In Audio conversations, noise is considered as the background sound that is not required but is present. It makes the overall audio a bit unclear. Similarly, noise in images is defined as the unwanted blurring that causes a lack of clarity. Therefore, denoising means removing this unwanted noise from the images.
Applications of Image Denoising
Given its wide application, such as image restoration, visual tracking, image classification etc., much research has been done on image denoising in the last decade.

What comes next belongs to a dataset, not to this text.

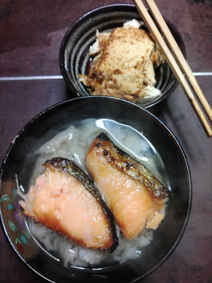 2026/03/08 19:19昼飯が遅めで少し多かったので~鮭茶漬け~

Some widely used techniques to denoise images have their limitations.
Noise2Sim technique is presented as a solution to limitations of other widely used techniques to denoise images in the research paper presented by Chuang Niu and Ge Wang, that forms the basis of this text.
Objective of Research
The objectives of the research, as explained by Chuang Niu and Ge Wang are presented below:
- We propose an NLM-inspired self-supervised learning method for image denoising that learns to map between central pixels in similar image patches and only requires single noisy images for training;
- We develop an two-step procedure to manage the computational burden associated with globally searching of similar image patches and prepare training data efficiently for Noise2Sim denoising;
- We design a refined training strategy to use Noise2Sim results for further Noise2Sim denoising, giving improved image quality;
- We perform extensive experiments and statistical analysis, and demonstrate that our Noise2Sim method outperform the state-of-the-art Noise2Void method on common benchmark datasets;
- We make our Noise2Sim software package publicly available
Common denoising Techniques
Let us try & understand underlying principles of some common denoising techniques:
- Local denoising methods: This method assumes that a pixel can be denoised using the mean value of its surrounding pixels.
- Non-local mean methods: This technique takes a weighted mean of all pixels in the image to denoise a pixel. The weight of each pixel is based on the distance of that pixel from the pixel we are denoising. Despite their superior performance, the non-local mean methods demand longer searching time, which is a practical issue in many applications such as real-time video image processing.
- Deep Denoising Methods
- Fully Supervised: Convolutional Neural Networks (OR CNN) is trained based on many paired noise-clean images in advance. A very deep CNN architecture makes it very costly to prepare or impractical to collect.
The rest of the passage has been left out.